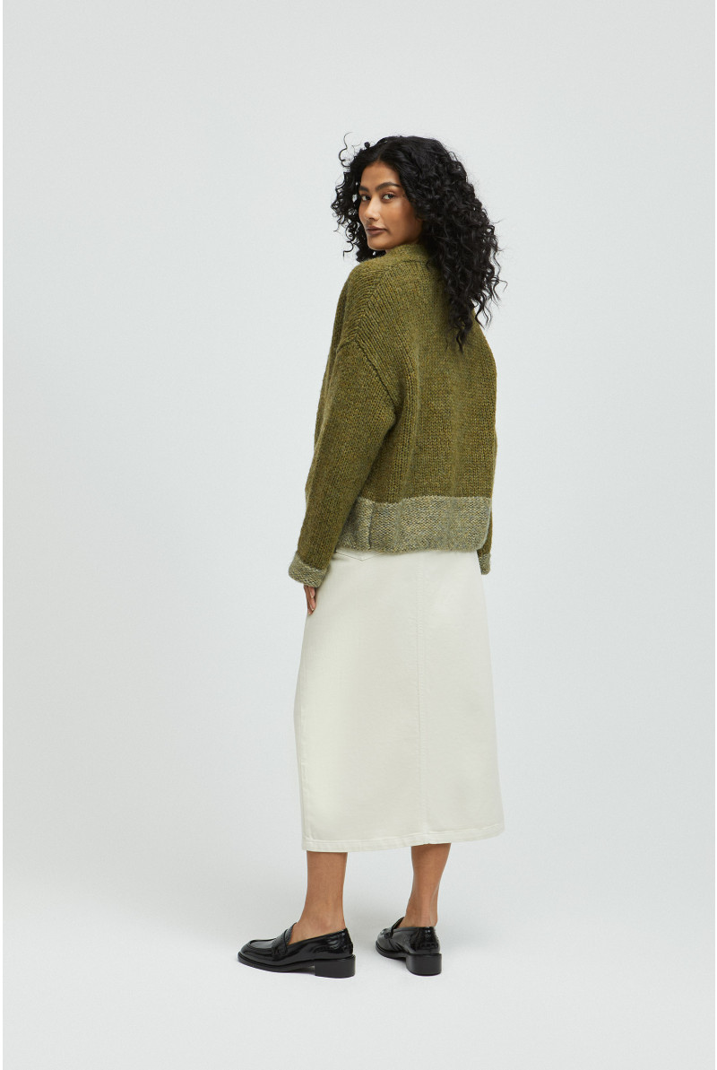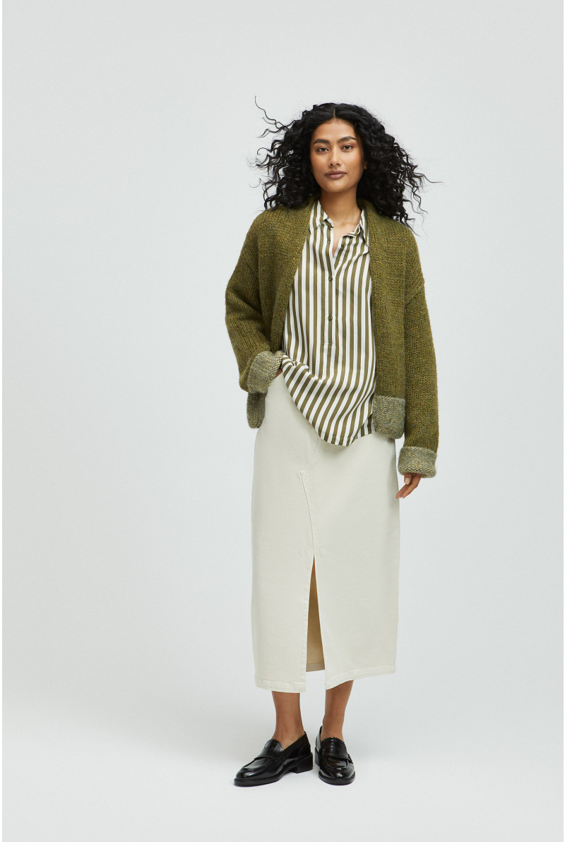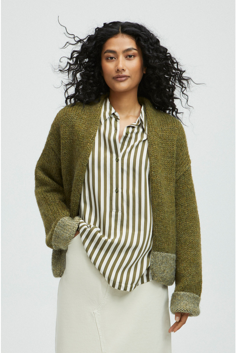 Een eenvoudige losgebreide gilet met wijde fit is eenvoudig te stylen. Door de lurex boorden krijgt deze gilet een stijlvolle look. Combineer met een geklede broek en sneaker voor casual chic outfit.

--

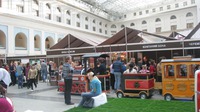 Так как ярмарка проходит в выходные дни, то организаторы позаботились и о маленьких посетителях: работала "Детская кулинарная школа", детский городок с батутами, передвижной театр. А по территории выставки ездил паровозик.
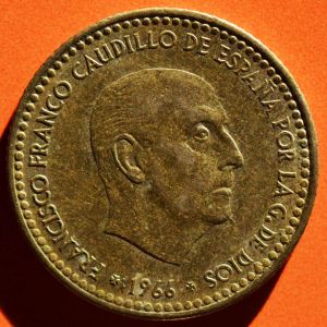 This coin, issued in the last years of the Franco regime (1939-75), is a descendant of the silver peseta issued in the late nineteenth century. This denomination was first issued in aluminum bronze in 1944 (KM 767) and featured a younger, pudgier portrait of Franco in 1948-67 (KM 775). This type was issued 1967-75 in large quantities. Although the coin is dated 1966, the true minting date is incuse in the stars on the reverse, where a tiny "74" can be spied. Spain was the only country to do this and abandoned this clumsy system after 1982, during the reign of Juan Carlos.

(WHAT YOU NEED TO DO)
In the data above, find the line containing "Так как ярмарка" and the line containing "This coin, issued". Copy exactly the stretch from the first through the second, both included, leaving out any picture.

(SOLUTION TO THIS TASK)
 Так как ярмарка проходит в выходные дни, то организаторы позаботились и о маленьких посетителях: работала "Детская кулинарная школа", детский городок с батутами, передвижной театр. А по территории выставки ездил паровозик.
 This coin, issued in the last years of the Franco regime (1939-75), is a descendant of the silver peseta issued in the late nineteenth century. This denomination was first issued in aluminum bronze in 1944 (KM 767) and featured a younger, pudgier portrait of Franco in 1948-67 (KM 775). This type was issued 1967-75 in large quantities. Although the coin is dated 1966, the true minting date is incuse in the stars on the reverse, where a tiny "74" can be spied. Spain was the only country to do this and abandoned this clumsy system after 1982, during the reign of Juan Carlos.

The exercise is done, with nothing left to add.